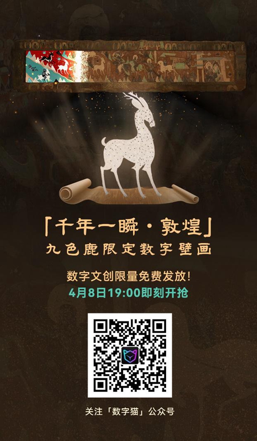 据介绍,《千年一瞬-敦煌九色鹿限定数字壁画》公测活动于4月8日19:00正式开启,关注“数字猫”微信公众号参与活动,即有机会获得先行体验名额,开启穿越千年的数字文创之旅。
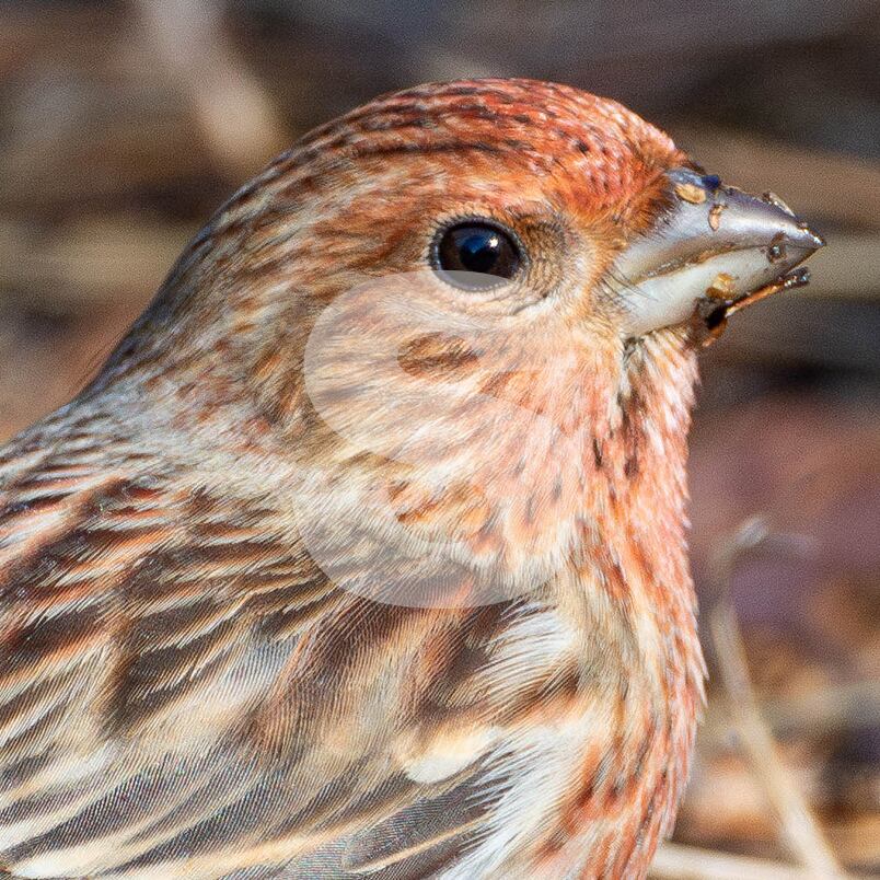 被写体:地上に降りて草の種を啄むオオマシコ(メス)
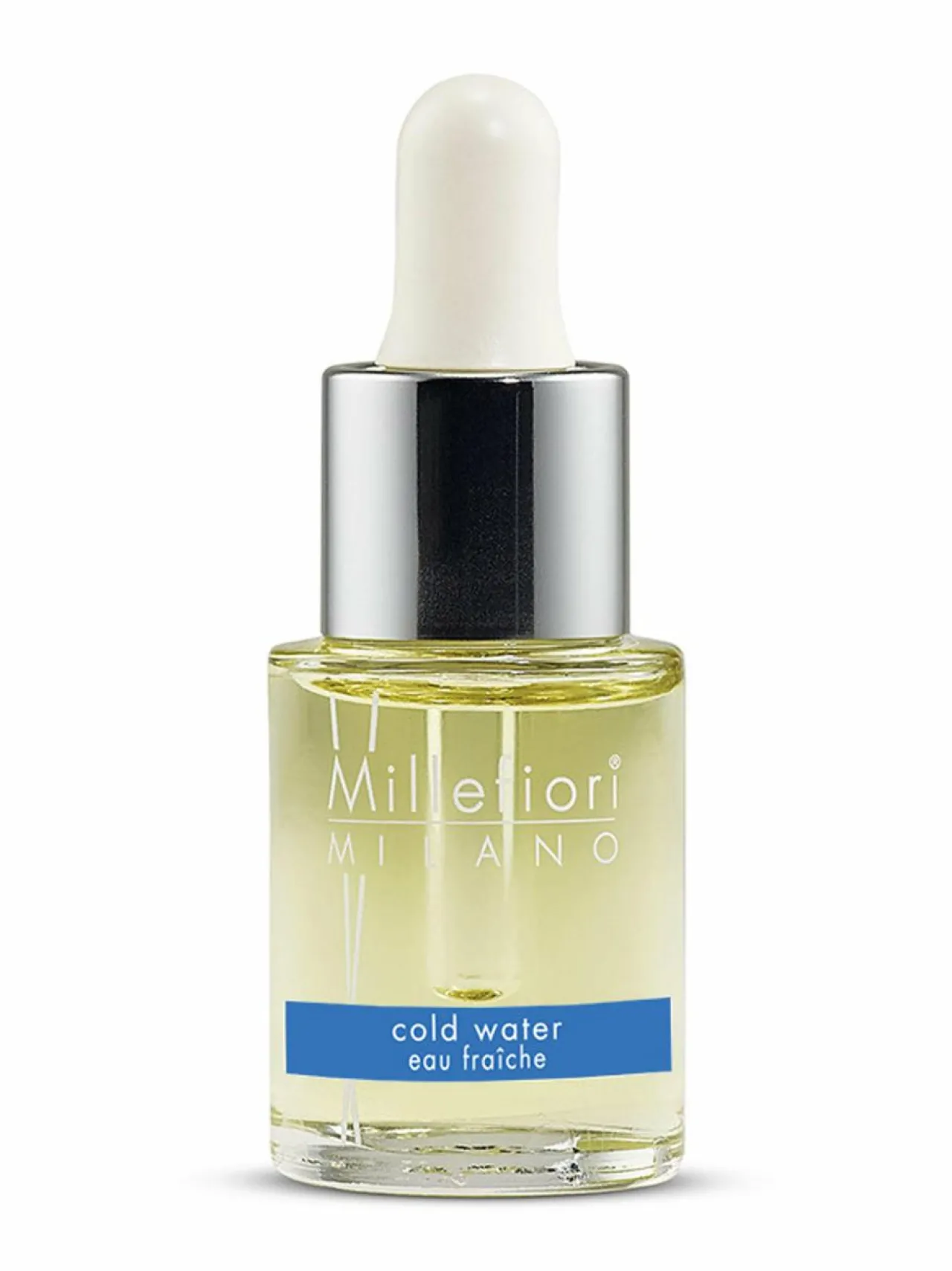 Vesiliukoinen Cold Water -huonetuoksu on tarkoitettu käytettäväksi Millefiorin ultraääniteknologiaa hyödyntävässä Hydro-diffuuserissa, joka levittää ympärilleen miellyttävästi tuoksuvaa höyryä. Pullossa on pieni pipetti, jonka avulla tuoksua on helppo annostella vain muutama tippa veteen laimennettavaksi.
···
_About this exercise:_ All the lines above are to be given again exactly as they read, with the pictures removed.

_Task result:_
 据介绍,《千年一瞬-敦煌九色鹿限定数字壁画》公测活动于4月8日19:00正式开启,关注“数字猫”微信公众号参与活动,即有机会获得先行体验名额,开启穿越千年的数字文创之旅。
 被写体:地上に降りて草の種を啄むオオマシコ(メス)
 Vesiliukoinen Cold Water -huonetuoksu on tarkoitettu käytettäväksi Millefiorin ultraääniteknologiaa hyödyntävässä Hydro-diffuuserissa, joka levittää ympärilleen miellyttävästi tuoksuvaa höyryä. Pullossa on pieni pipetti, jonka avulla tuoksua on helppo annostella vain muutama tippa veteen laimennettavaksi.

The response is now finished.